If you find this commercial offensive because it features people singing in different languages, you are an asshole.
What's more, you are an asshole who has no real understanding of what America is. We are, and have always been, a nation of immigrants. Aside from Native Americans, ALL our families have been immigrants at some point. (And technically even the Native Americans were once immigrants.)
We are a nation composed of different nationalities brought together with the common belief in human rights, representative government, freedom and all that jazz. We are not a whites-only club that requires English to be spoken here. We are not fearful of people who are different from us. We are those people.
This isn't an agree-to-disagree type issue. You are free to dislike the ad because you don't like the music, or you found the direction distracting, or you don't like its promotion of sugary soft drinks. But if you don't like the ad because you don't think America the Beautiful should be sung in any language but "American" you are an asshole.
A HUGE asshole.
2 comments:
Hi, I'd like to present a new point of view upon this situation. The Coca-Cola add in question used only a few of the many languages spoken within this great nation. Nitpicking which languages to actually feature is, in my opinion, discrimination in and of itself. Furthermore choosing certain languages and excluding others gives the impression that the company was making a political point, and I believe that is what angered people more than the fact that the languages were there. As an optimist, I like to hope that the majority of the American population is intelligent and that we all have common sense to a certain degree. Unfortunately, I think we lack the ability to voice our opinions in a productive way. Which leads me to my point, most of us probably feel, above all, that a soft drink company shouldn't be trying to make a political point, nor should they be trying to induce individuals to buy a product by abusing and parading around common political beliefs. I also do not believe it is productive to call your fellow Americans stupid or assholes. How can we improve ourselves and become a stronger united people if we are constantly deconstructively criticizing each other? Thank you.

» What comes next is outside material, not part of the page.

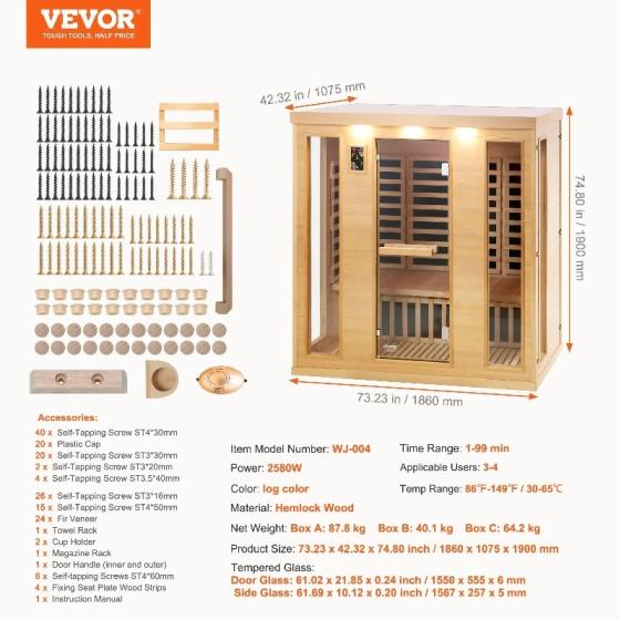 Инфрачервена дървена сауна Vevor, 2580 W, за дома и СПА центрове, за 4 човека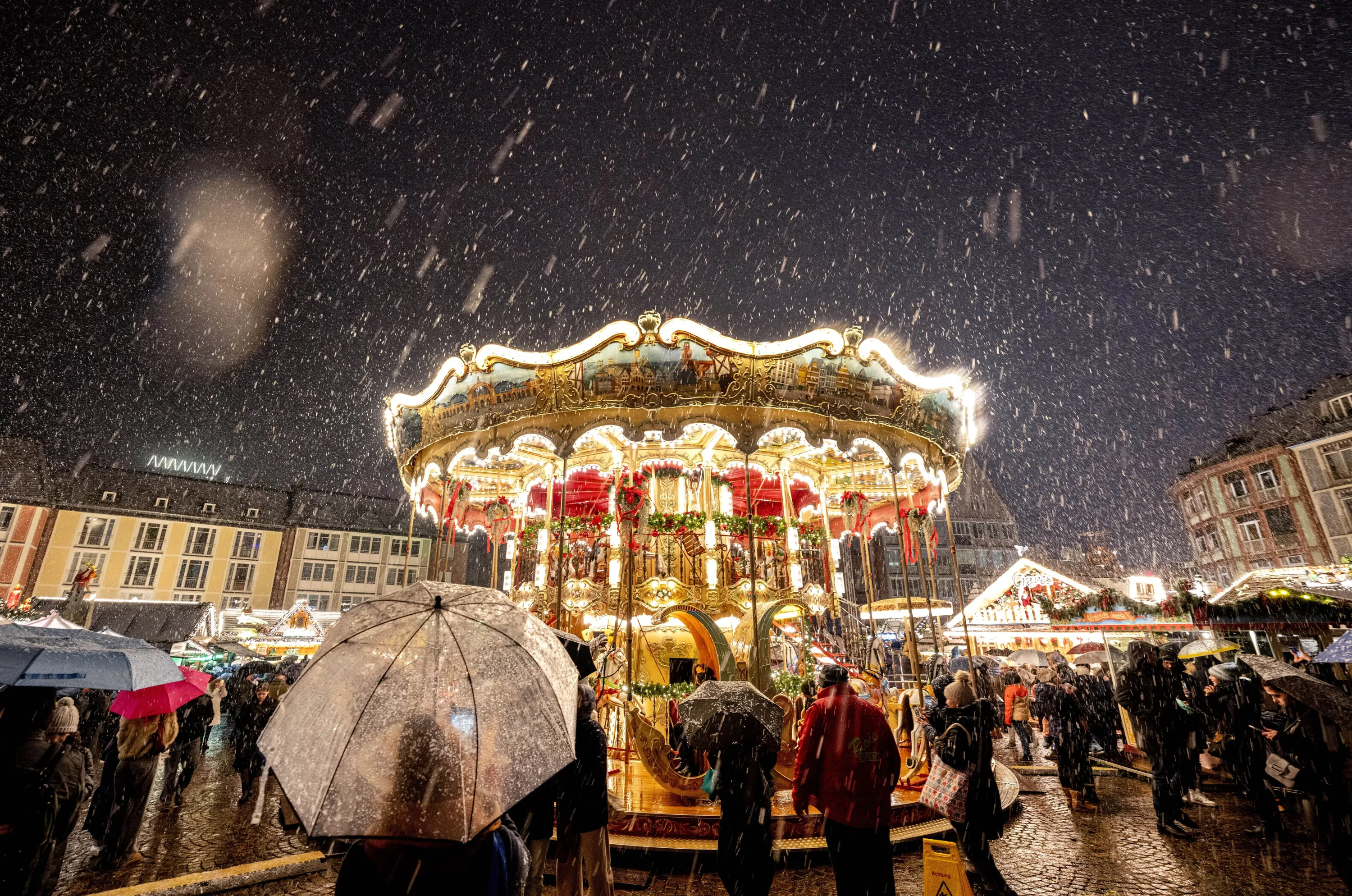Snow falls as the traditional Christmas market with the merry-go-round was opened in Frankfurt, Germany, Monday, November 27, 2023. (Photo by Michael Probst/AP Photo)

Mary, thanks for the comment.
There are approximately 337 languages spoken in the United States. Are you suggesting that unless all 337 could be featured in a one minute long commercial, Coke should just have not done it? Do you really think that Polish Americans feel discriminated against because the commercial didn't use Polish? If you read the actual reactions these people had to the commercial, most of them come across as based in xenophobic racism.
What "political point" do you think Coke was making? That America is made up of people who speak different languages? That's true. That people who speak different languages can be American and that they can love America? Also true. Please clarify as to what political point you think Coke was making by showing Americans singing America the Beautiful.
Finally, if you want me to stop calling other Americans stupid and assholes, then please encourage them to stop acting like stupid assholes. When that day arrives, I will be thrilled. Because I really don't enjoy living in a country with stupid assholes who get all bent out of shape every time someone shows a positive depiction of someone different from them.